I'm not too worried that people will ask for prod() as well.  And if
they do, maybe we can give them that too; there's not much else along
the same lines (bitwise or/and; ha ha ha) so even if the slope may be
a bit slippery, I'm not worried about sliding too far.

I don't think the signature should be extended to match min() and
max() -- min(a, b) serves a real purpose, but sum(a, b) is just a
redundant way of saying a+b, and ditto for sum(a,b,c) etc.
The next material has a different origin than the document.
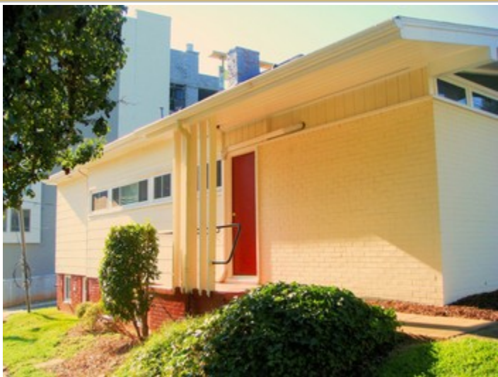
Side of Building with Side Entry Door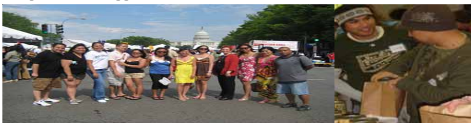
Filipino Young Professionals Washington, DC

So please take care of that ASAP. Plus, you wouldn't want anyone to call you kuripot, diba? ☺

There's a bunch of statistics functions (avg or mean, sdev etc.) that
should go in a statistics package or module together with more
advanced statistics stuff -- it would be a good idea to form a working
group or SIG to design such a thing with an eye towards usability,
power, and avoiding traps for newbies.

Finally, there's the question of what sum() of an empty sequence
should be.  There are several ways to force it: you can write

  sum(L or [0])

(which avoids the cost of copying in sum(L + [0]), or we can give
sum() an optional second argument.  But still, what should sum([]) do?
I'm sure that the newbies who are asking for it would be surprised by
anything except sum([]) == 0, since they probably want to sum a list
of numbers, and occasionally (albeit through a bug in their program
:-) the list will be empty.  But that means that summing a sequence of
strings ends up with a strange end case.  So perhaps raising an
exception for an empty sequence, like min() and max(), is better: "In
the face of ambiguity, refuse the temptation to guess."  An optional
second argument can then be used to specify a starting point for the
summation.  The semantics of this argument should be the same as for
reduce():

  sum(S, x) == sum([x] + list(S))

and hence

  sum(["a", "b"], "x") == "xab"

(A minority view that I can't quite shake off: since the name sum()
strongly suggests it's summing up numbers, sum([]) should be 0 and no
second argument is allowed.  I find using sum() for a sequence of
strings a bit weird anyway, and will probably continue to write
"".join(S) for that case.)

Alex, care to send in your patch?

--Guido van Rossum (home page: http://www.python.org/~guido/)